### Stored data

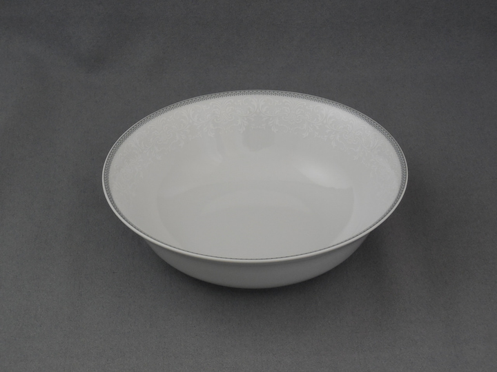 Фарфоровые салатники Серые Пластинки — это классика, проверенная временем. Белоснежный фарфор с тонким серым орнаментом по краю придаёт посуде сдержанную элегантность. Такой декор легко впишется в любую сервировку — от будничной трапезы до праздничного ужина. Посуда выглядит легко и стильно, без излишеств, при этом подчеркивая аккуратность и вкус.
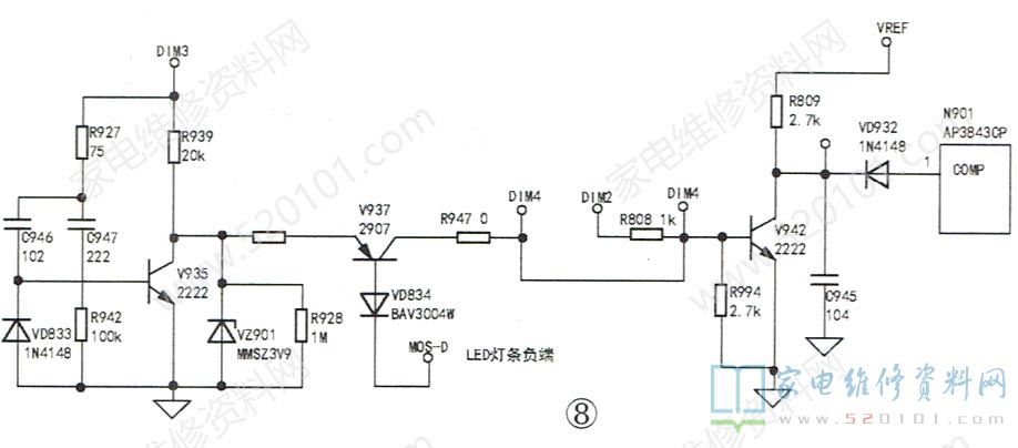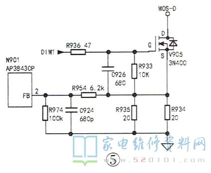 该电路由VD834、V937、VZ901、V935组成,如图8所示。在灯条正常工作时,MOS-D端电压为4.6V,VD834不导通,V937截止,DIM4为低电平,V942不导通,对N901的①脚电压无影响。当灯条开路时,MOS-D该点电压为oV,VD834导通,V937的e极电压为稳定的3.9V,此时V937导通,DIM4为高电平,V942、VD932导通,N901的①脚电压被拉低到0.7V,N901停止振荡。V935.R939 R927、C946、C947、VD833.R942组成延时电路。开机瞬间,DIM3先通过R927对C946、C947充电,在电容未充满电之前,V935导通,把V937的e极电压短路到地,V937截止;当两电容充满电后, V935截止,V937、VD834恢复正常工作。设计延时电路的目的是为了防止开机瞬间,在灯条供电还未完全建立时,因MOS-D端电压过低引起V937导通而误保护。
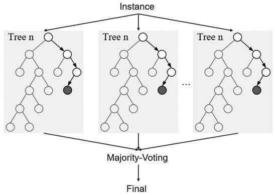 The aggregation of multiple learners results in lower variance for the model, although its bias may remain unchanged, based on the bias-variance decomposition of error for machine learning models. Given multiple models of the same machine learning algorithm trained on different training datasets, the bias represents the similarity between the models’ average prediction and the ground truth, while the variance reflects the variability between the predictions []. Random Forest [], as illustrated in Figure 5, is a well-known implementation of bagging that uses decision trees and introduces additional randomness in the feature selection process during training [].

### Exercise directions
Everything in the listing above, apart from its pictures, must be repeated exactly.

### Answer box
 Фарфоровые салатники Серые Пластинки — это классика, проверенная временем. Белоснежный фарфор с тонким серым орнаментом по краю придаёт посуде сдержанную элегантность. Такой декор легко впишется в любую сервировку — от будничной трапезы до праздничного ужина. Посуда выглядит легко и стильно, без излишеств, при этом подчеркивая аккуратность и вкус.
 该电路由VD834、V937、VZ901、V935组成,如图8所示。在灯条正常工作时,MOS-D端电压为4.6V,VD834不导通,V937截止,DIM4为低电平,V942不导通,对N901的①脚电压无影响。当灯条开路时,MOS-D该点电压为oV,VD834导通,V937的e极电压为稳定的3.9V,此时V937导通,DIM4为高电平,V942、VD932导通,N901的①脚电压被拉低到0.7V,N901停止振荡。V935.R939 R927、C946、C947、VD833.R942组成延时电路。开机瞬间,DIM3先通过R927对C946、C947充电,在电容未充满电之前,V935导通,把V937的e极电压短路到地,V937截止;当两电容充满电后, V935截止,V937、VD834恢复正常工作。设计延时电路的目的是为了防止开机瞬间,在灯条供电还未完全建立时,因MOS-D端电压过低引起V937导通而误保护。
 The aggregation of multiple learners results in lower variance for the model, although its bias may remain unchanged, based on the bias-variance decomposition of error for machine learning models. Given multiple models of the same machine learning algorithm trained on different training datasets, the bias represents the similarity between the models’ average prediction and the ground truth, while the variance reflects the variability between the predictions []. Random Forest [], as illustrated in Figure 5, is a well-known implementation of bagging that uses decision trees and introduces additional randomness in the feature selection process during training [].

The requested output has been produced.